-- Data excerpt --
======
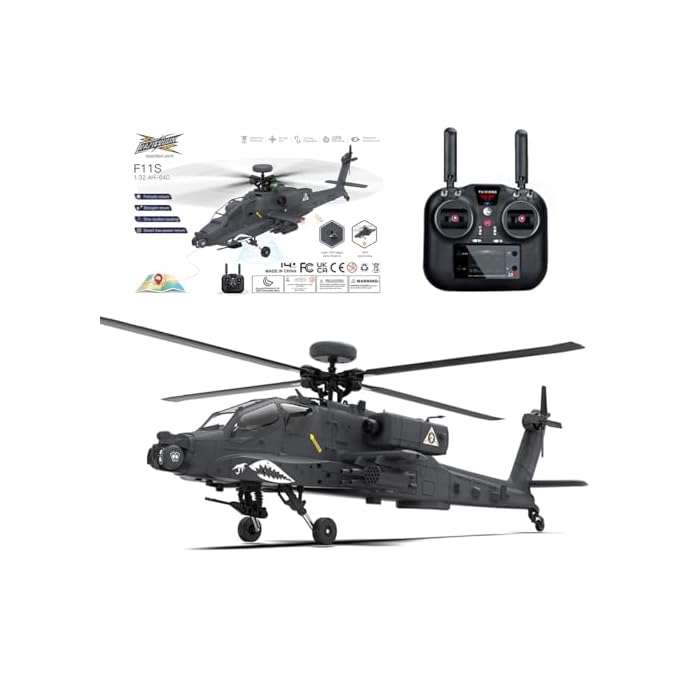 Razordon F11-S AH64 RC Helicopter for Adults, 1/32 Scale 2.4G 6CH Dual-axis Co-Drive Flybarless Stunt RC Military Helicopter with GPS Flight Control System (RTF GPS Smart Version)
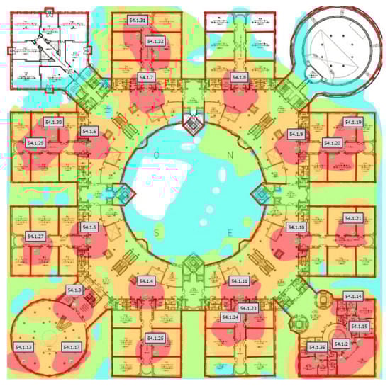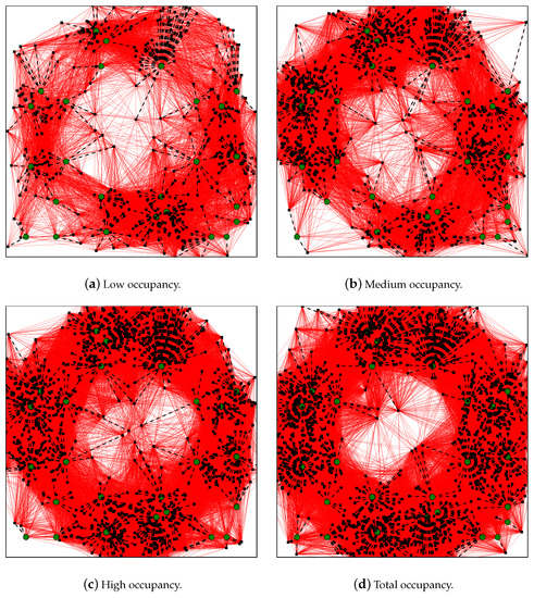 We have chosen a realistic layout to compare our proposal with other well-known channel assignment techniques. This layout is the first floor of the Polytechnic School of the University of Alcala (Spain). This building is square-shaped, with sides approximately 130 m long. We have used the real positions whereat the 26 APs are located in the building, which are shown in the heat map displayed in Figure 4. In this figure, signal coverage ranges from light blue (low coverage) to red (high coverage). The reason for having such a low coverage in the center of the setting is because it is a central courtyard. Regarding the positions of STAs, they are not included in Figure 4, because their positions will depend on the occupancy of the building. In a university campus, students will be mainly attending classes, but there are also a number of students in the buildings involved in different activities (studying, preparing assignments, labs, etc.). For that reason, in all of our settings we have considered that there are 100 randomly located STAs in the plant. Moreover, we have considered a varying number of classrooms under use. In the first floor plant of the building there are 48 classrooms, so in our different settings we have considered 12, 24, 36 and 48 classrooms simultaneously under use, to represent different occupancy settings, being: low, medium, high and total occupancy, respectively. For each of this occupancy settings we have considered two scenarios. For example, in the low occupancy setting, where 12 from a total of 48 classrooms are in use (), these 12 classrooms are chosen randomly, so we have tested two different choices. In each classroom that is under use, we have considered that there are 25 students randomly located in that classroom using a normal distribution around the center and a standard deviation of  m. To summarize, and for example, the two scenarios of low occupancy (25% of the classrooms under use) have 100 STAs randomly located and  STAs, giving a total of 400 STAs. With a similar reasoning, for the medium, high and total occupancy settings, we will have 700, 1000 and 1300 STAs, respectively. In Figure 5 we show the resulting graph for one the scenarios for each classroom occupancy. Note that in those figures we have overlapped both connectivity and interference layers into a single picture. Again, we have used large green circles to represent APs, small black squares to represent STAs and red lines to represent interferences. To distinguish interferences from STA-AP associations in the same picture, we have used black-dashed lines to represent the association between APs and STAs.
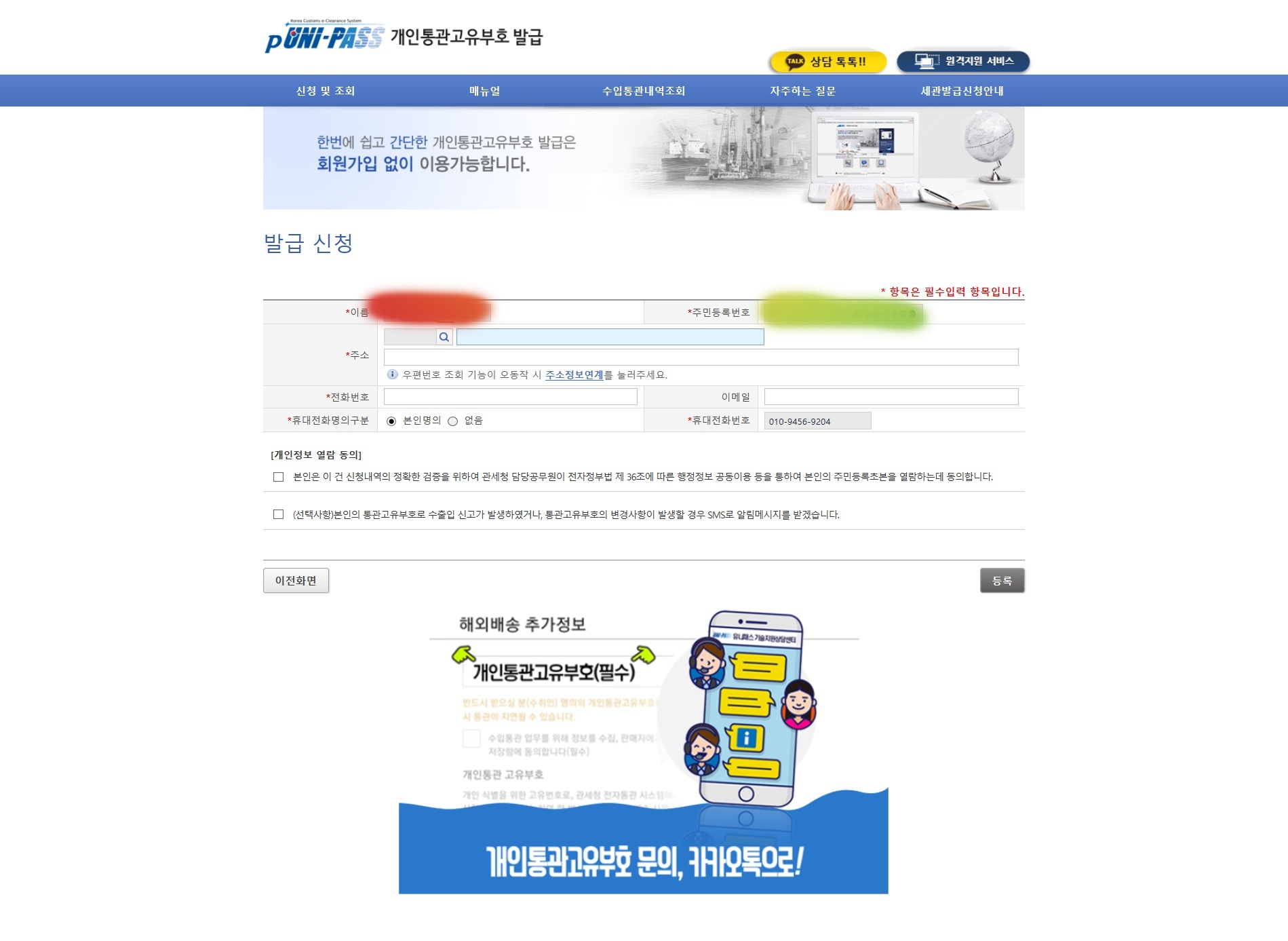 핸드폰 사진으로 찍어서 화질이 안좋은데 양해부탁드릴게요. 성명과 주민등록번호를 치면 이런화면이 나옵니다. 저는 아직까지 한번도 직구를 해본적이 없습니다. 조회먼저 해보니까 없다고 나오네요..! 그래서 이번에 새로 한번 받아보자~해서 발급을 눌렀습니다..! 개인통관고유부호 신규발급..!!
======
-- Task statement --
The material above must be printed exactly, with its pictures left out.

-- Final answer --
 Razordon F11-S AH64 RC Helicopter for Adults, 1/32 Scale 2.4G 6CH Dual-axis Co-Drive Flybarless Stunt RC Military Helicopter with GPS Flight Control System (RTF GPS Smart Version)
 We have chosen a realistic layout to compare our proposal with other well-known channel assignment techniques. This layout is the first floor of the Polytechnic School of the University of Alcala (Spain). This building is square-shaped, with sides approximately 130 m long. We have used the real positions whereat the 26 APs are located in the building, which are shown in the heat map displayed in Figure 4. In this figure, signal coverage ranges from light blue (low coverage) to red (high coverage). The reason for having such a low coverage in the center of the setting is because it is a central courtyard. Regarding the positions of STAs, they are not included in Figure 4, because their positions will depend on the occupancy of the building. In a university campus, students will be mainly attending classes, but there are also a number of students in the buildings involved in different activities (studying, preparing assignments, labs, etc.). For that reason, in all of our settings we have considered that there are 100 randomly located STAs in the plant. Moreover, we have considered a varying number of classrooms under use. In the first floor plant of the building there are 48 classrooms, so in our different settings we have considered 12, 24, 36 and 48 classrooms simultaneously under use, to represent different occupancy settings, being: low, medium, high and total occupancy, respectively. For each of this occupancy settings we have considered two scenarios. For example, in the low occupancy setting, where 12 from a total of 48 classrooms are in use (), these 12 classrooms are chosen randomly, so we have tested two different choices. In each classroom that is under use, we have considered that there are 25 students randomly located in that classroom using a normal distribution around the center and a standard deviation of  m. To summarize, and for example, the two scenarios of low occupancy (25% of the classrooms under use) have 100 STAs randomly located and  STAs, giving a total of 400 STAs. With a similar reasoning, for the medium, high and total occupancy settings, we will have 700, 1000 and 1300 STAs, respectively. In Figure 5 we show the resulting graph for one the scenarios for each classroom occupancy. Note that in those figures we have overlapped both connectivity and interference layers into a single picture. Again, we have used large green circles to represent APs, small black squares to represent STAs and red lines to represent interferences. To distinguish interferences from STA-AP associations in the same picture, we have used black-dashed lines to represent the association between APs and STAs.
 핸드폰 사진으로 찍어서 화질이 안좋은데 양해부탁드릴게요. 성명과 주민등록번호를 치면 이런화면이 나옵니다. 저는 아직까지 한번도 직구를 해본적이 없습니다. 조회먼저 해보니까 없다고 나오네요..! 그래서 이번에 새로 한번 받아보자~해서 발급을 눌렀습니다..! 개인통관고유부호 신규발급..!!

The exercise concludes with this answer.